Wednesday, October 7, 2009
NICK TIMIRAOS
Wall Street Journal

Apartment vacancies hit their highest point since 1986, surging in cities from Raleigh, N.C., to Tacoma, Wash., as rising unemployment continued to chip away at demand during the traditionally strong summer rental months.

Signs advertise apartments for rent in San Francisco in July. Rents declined during the third quarter, usually a strong period for rentals.

The U.S. vacancy rate reached 7.8%, a 23-year high, according to Reis Inc., a New York real-estate research firm that tracks vacancies and rents in the top 79 U.S. markets. The rate is expected to climb further in the fall and winter, when rental demand is weaker, pushing vacancies to the highest levels since Reis began its count in 1980.

Meanwhile, the air leaving the market is driving rents down, most sharply in markets that had been chugging along until a year ago, when unemployment accelerated, including Tacoma; San Jose, Calif.; and Orange County, Calif.

In New York, Jennifer Hyman rented a one-bedroom apartment in July at a monthly rate of $1,950 -- down from $2,450 for the previous tenant -- when she returned to the city after graduating from Harvard Business School. Her first month's rent was free -- and her landlord painted the apartment, scrubbed the floors and added window coverings.

"The experience was night-and-day different from before," said Ms. Hyman, who had rented other Manhattan apartments between 2002 and 2007, each time paying a brokers' fee and feeling pressured to sign a lease the minute she found an apartment. Now, she says, "Renters are the ones with the power."

Renters' Gain: The cities with the largest concessions.

Driving the change is the troubled employment market, which is closely tied to rentals. With unemployment at 9.8% -- a 26-year high -- more would-be renters are doubling up or moving in with family and friends during periods of job loss. Landlords have been particularly battered because unemployment has been higher among workers under 35 years old, who are more likely to rent.
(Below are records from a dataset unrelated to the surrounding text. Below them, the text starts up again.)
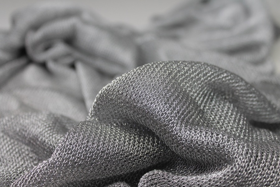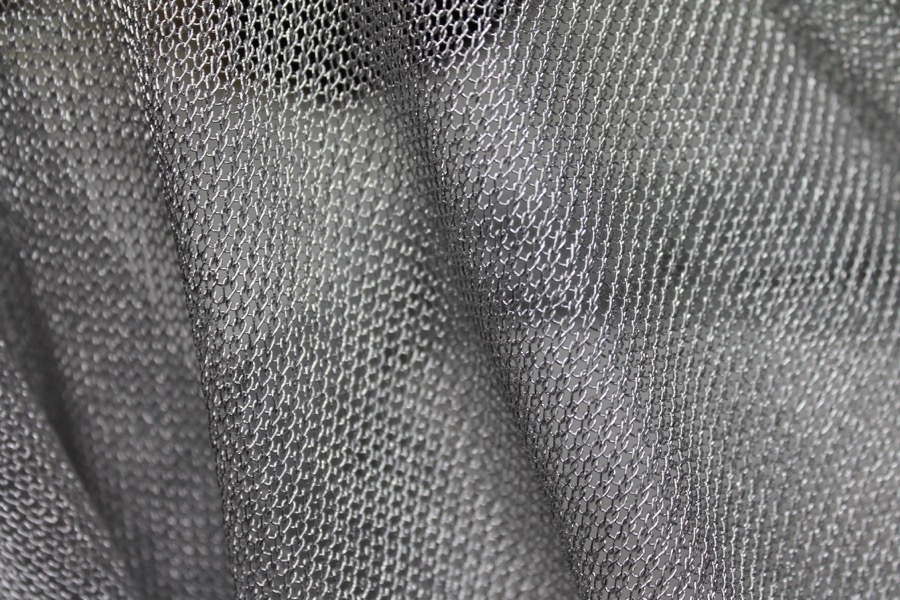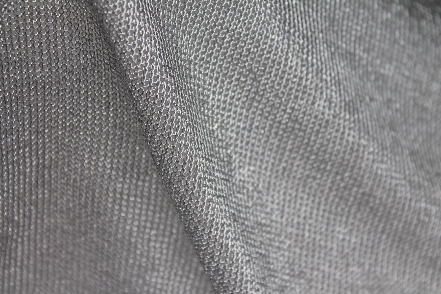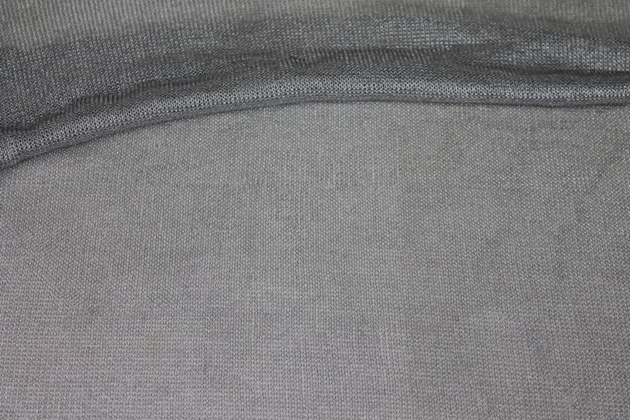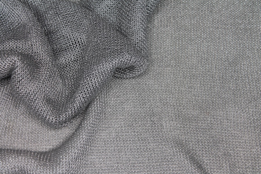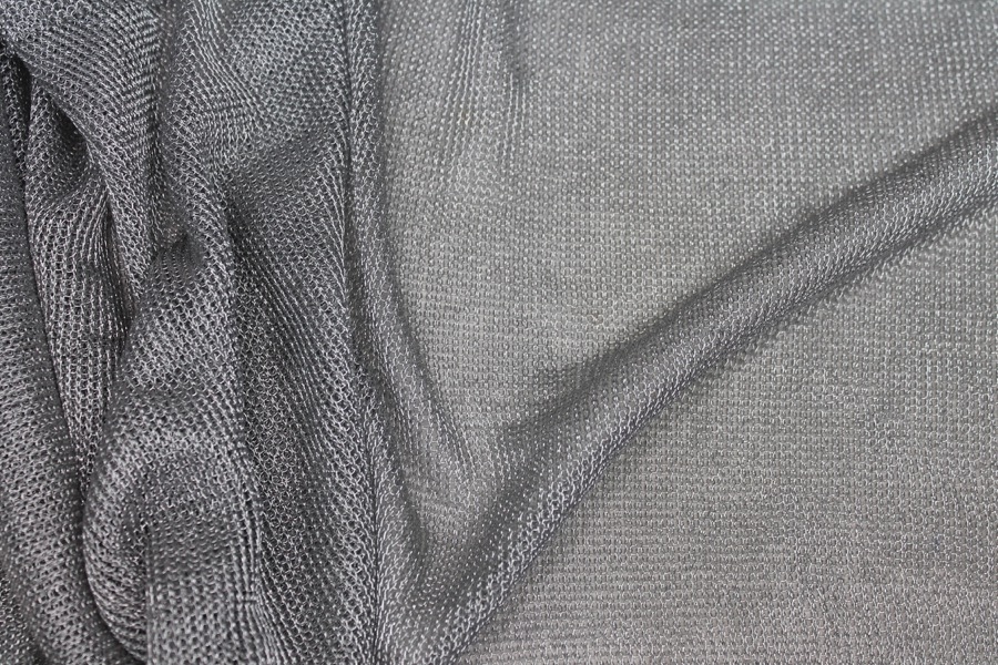 This is a soft fine knit in a silver metallic thread. Great drape and bounce.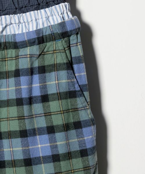 パジャマパンツをベースに、インナーをレイヤードしているようなウエスト部分のデザインが特徴的なパンツ。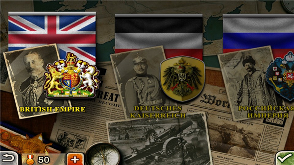 8个帝国的剧本战争,共40个战役。[大英帝国,德意志帝国,俄罗斯帝国,美利坚合众国,大日本帝国,大清帝国,法兰西帝国,奥匈帝国]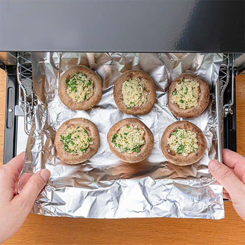 香草を合わせたエスカルゴバターで、しいたけがおしゃれな一品に! トースターでできて簡単。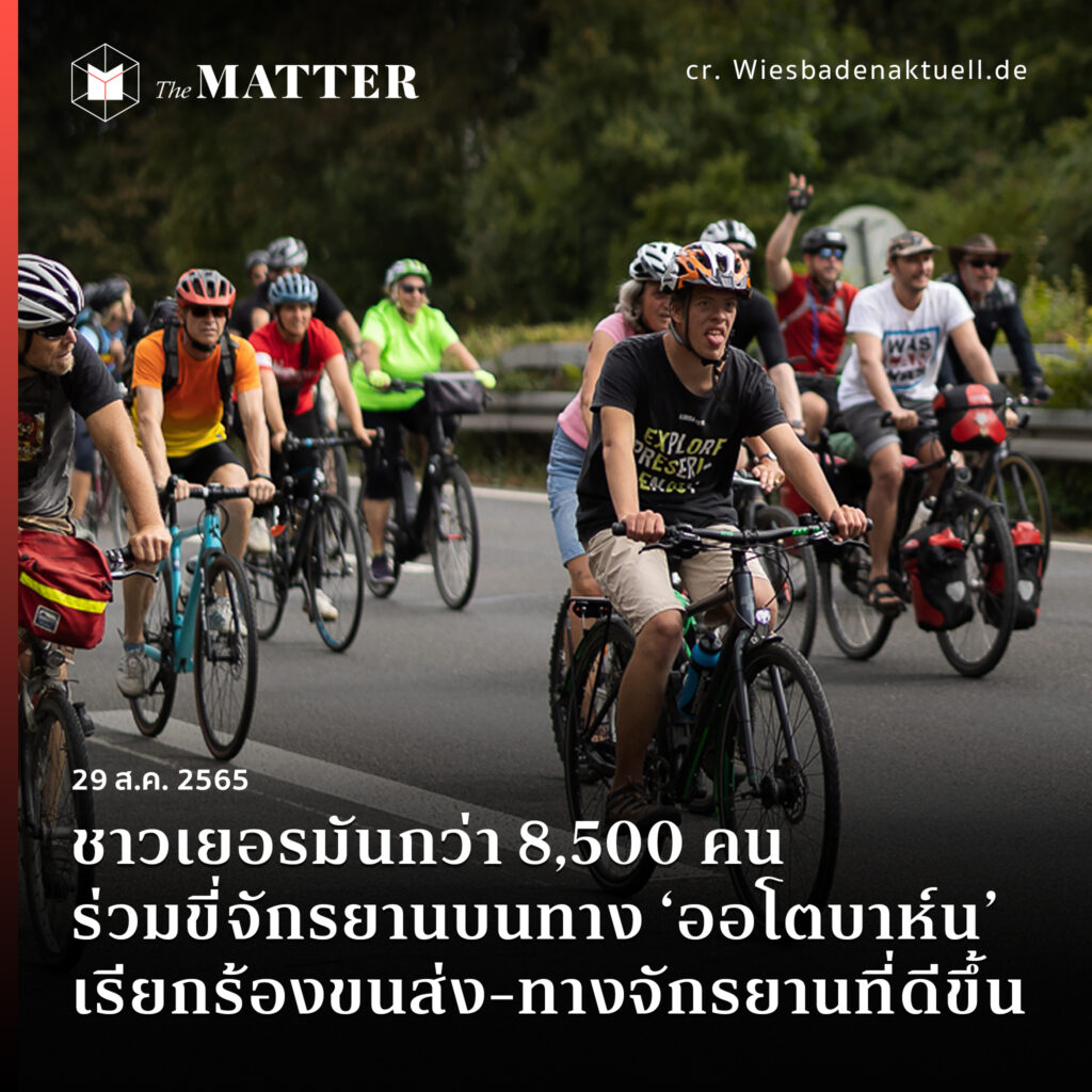 ชาวเยอรมันกว่า 8,500 คนมารวมตัวกัน โดยการนัดหมายของเครือข่ายพลเมืองที่ชื่อ ‘Verkehrswende Hessen’ เพื่อร่วมกิจกรรมปั่นจักรยานบนทางด่วนออโตบาห์น เรียกร้องขนส่งสาธารณะและทางจักรยานที่ดีขึ้นในรัฐเฮสเซิน ทางตอนกลางของเยอรมนี

Nationally, effective rents have fallen by 2.7% over the past year, to around $972.

"When job losses stop, rents will firm and occupancies will firm," said Richard Campo, chief executive of Camden Property Trust, a Houston-based real-estate company.

The second and third quarters typically are the strongest periods for rental landlords because they are popular times for people to move. But this year, "vacancies just continued rising," said Victor Calanog, director of research for Reis.
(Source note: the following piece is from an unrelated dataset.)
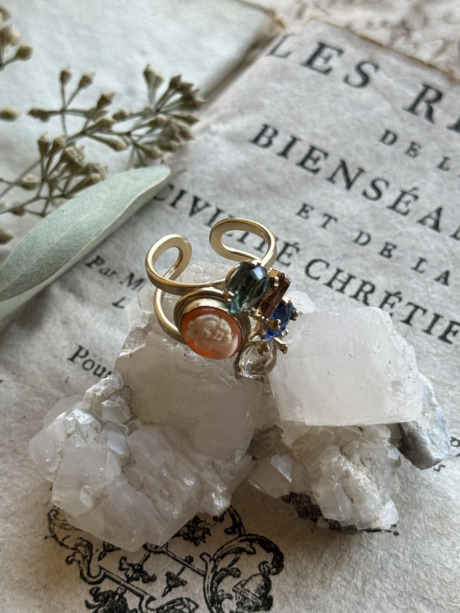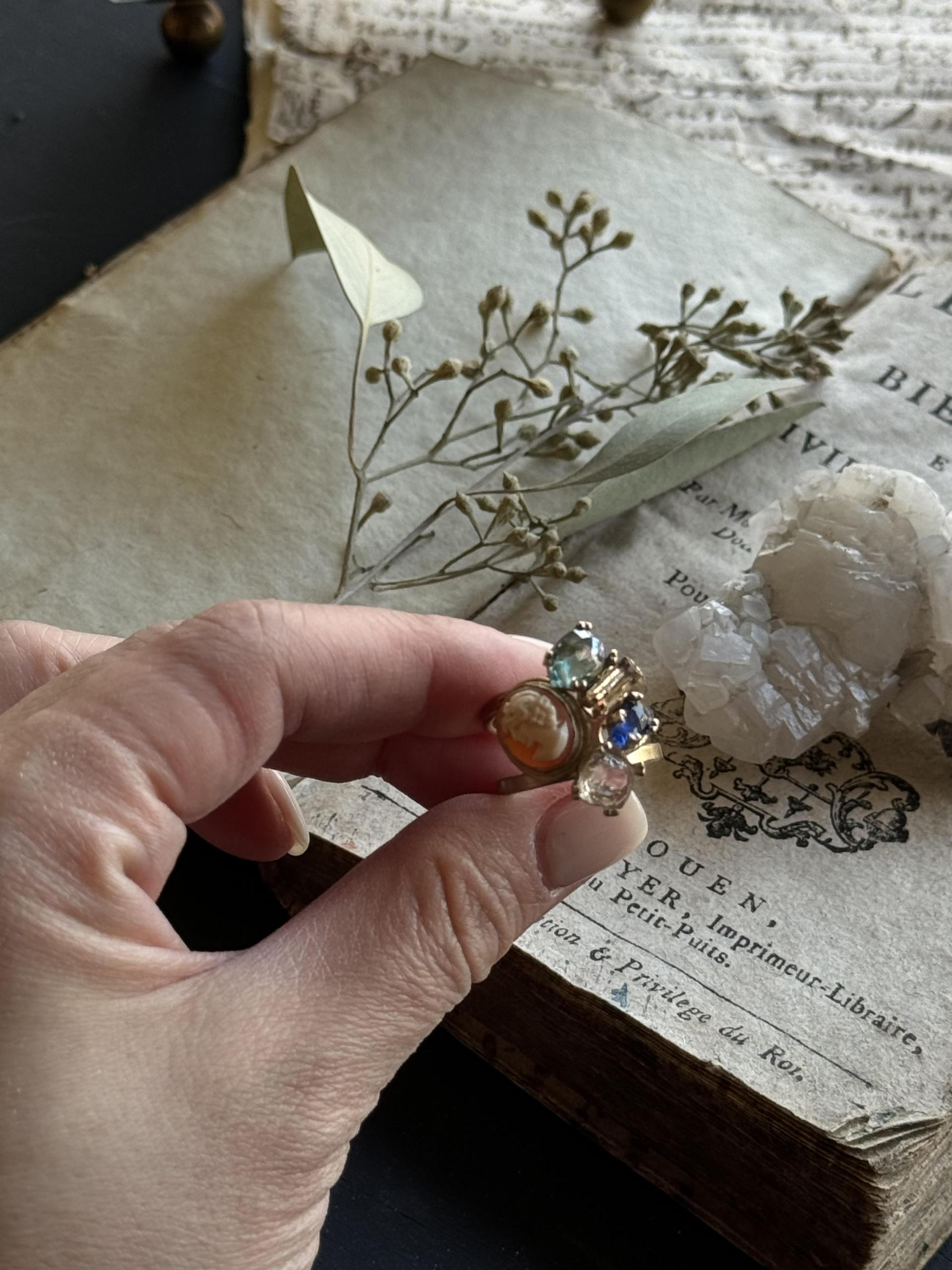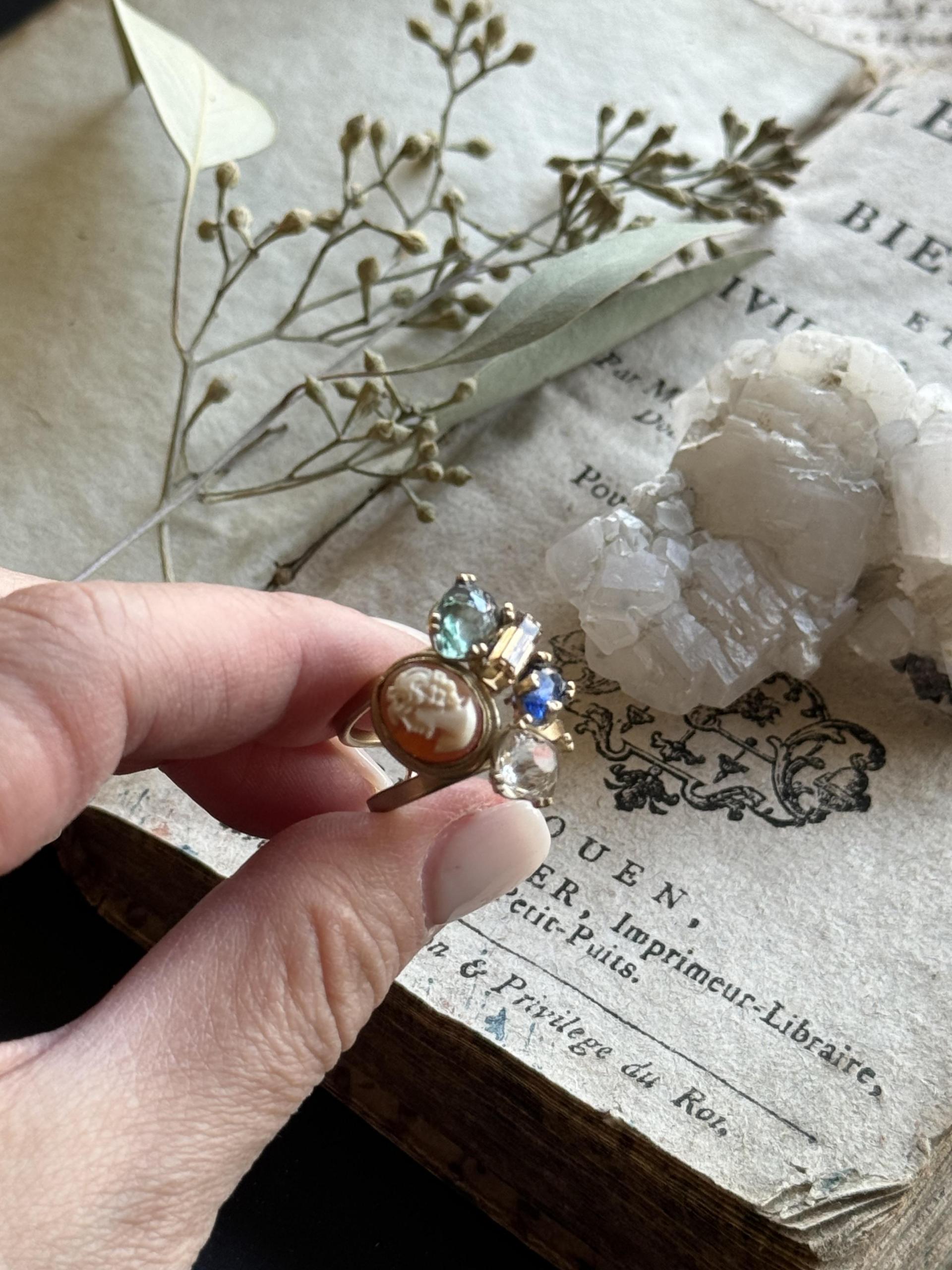 - 1890's vintage shell cameo & semi precious stones

During the third quarter, vacancies increased in 42 markets, improved in 26 markets and remained unchanged in 11 markets. Omaha, Neb., saw the largest rise in vacancies, with the rate rising 1.1 percentage points to 7.4%. Other big rises were seen in Memphis, Tenn., Indianapolis, Raleigh and Tacoma.

The deteriorating rental market comes amid some signs of stabilization in the housing sales market. An $8,000 tax credit for first-time home buyers and investor demand helped to boost sales of low- and moderately priced homes this summer. But some analysts warn demand could fall with the expiration of the tax credit and supply could increase with more foreclosed homes hitting the market.
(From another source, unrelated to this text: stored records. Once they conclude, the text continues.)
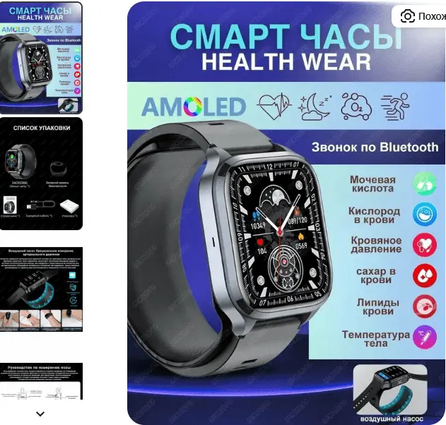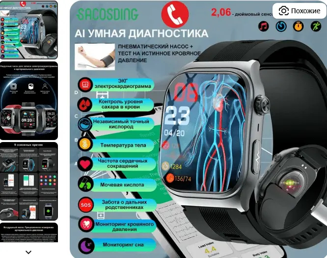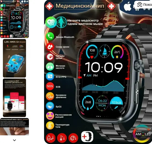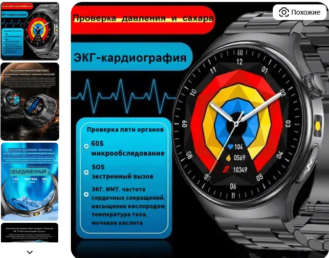 Ссылка на Яндекс Маркет: Smart Watch с ЭКГ, ИМТ и сахаром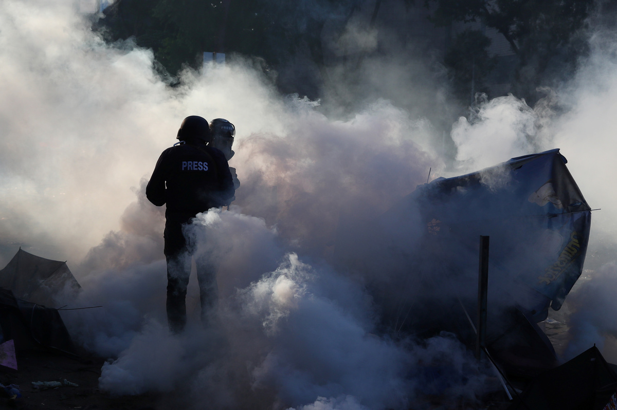 Many protesters wore gas masks or tied handkerchiefs over their mouths and noses to protect themselves from clouds of tear gas. Some stripped down to their underwear, after earlier dousings from water cannon that witnesses said contained an irritant.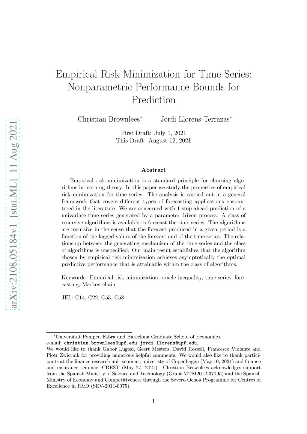 Empirical risk minimization is a standard principle for choosing algorithms in learning theory. In this paper we study the properties of empirical risk minimization for time series. The analysis is carried out in a general framework that covers different types of forecasting applications encountered in the literature. We are concerned with 1-step-ahead prediction of a univariate time series generated by a parameter-driven process. A class of recursive algorithms is available to forecast the time series. The algorithms are recursive in the sense that the forecast produced in a given period is a function of the lagged values of the forecast and of the time series. The relationship between the generating mechanism of the time series and the class of algorithms is unspecified. Our main result establishes that the algorithm chosen by empirical risk minimization achieves asymptotically the optimal predictive performance that is attainable within the class of algorithms.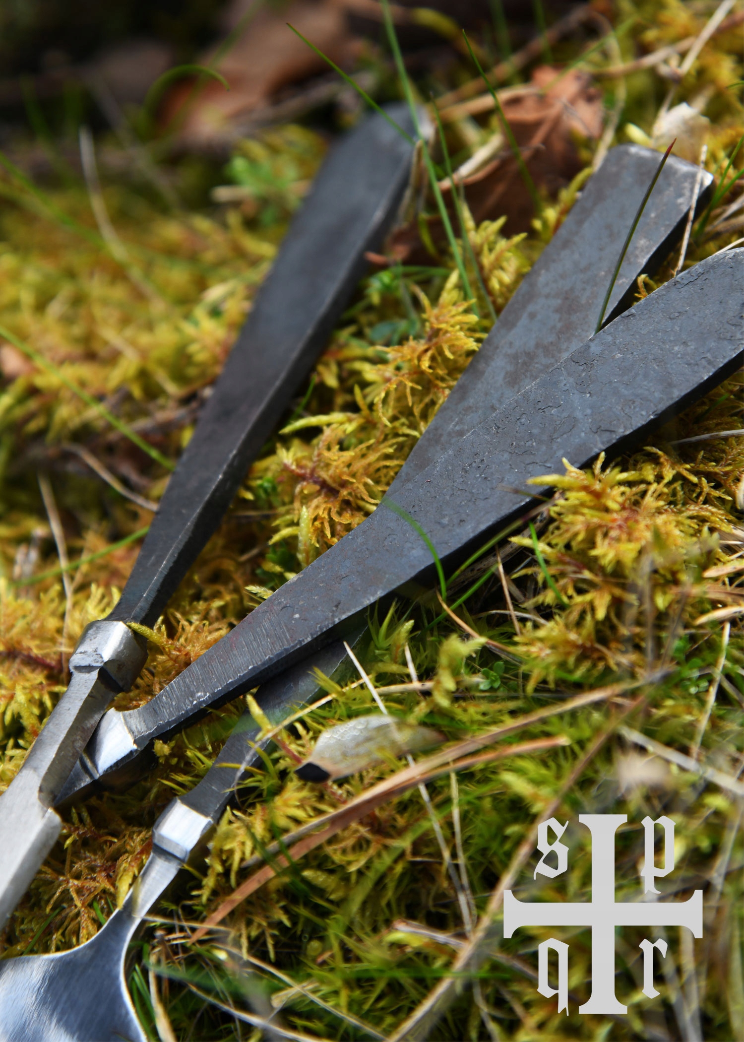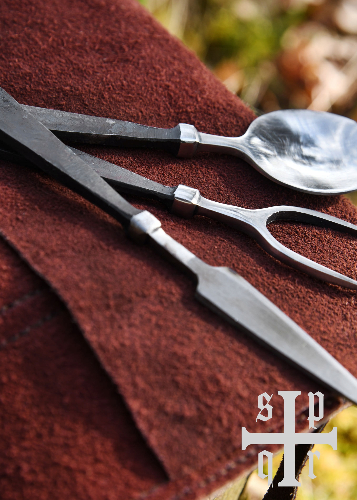 Średniowieczny trzyczęściowy zestaw sztućców, ręcznie kuty, ze skórzanym etui

While a housing recovery could lead the best quality renters to move out and purchase homes, the move-out rate isn't expected to surpass levels seen during the housing boom earlier this decade. Mortgage credit standards have tightened considerably since then, which should keep more renters in place.

Apartment owners ultimately could gain from the housing bust because the U.S. home-ownership rate has fallen as foreclosures rise. But the housing bust has also flooded some of the most overbuilt housing markets with new apartment inventory as developers have converted unsold condominium developments into rentals.

Reis projects that the vacancy rate will peak at well above 8% in mid-2010.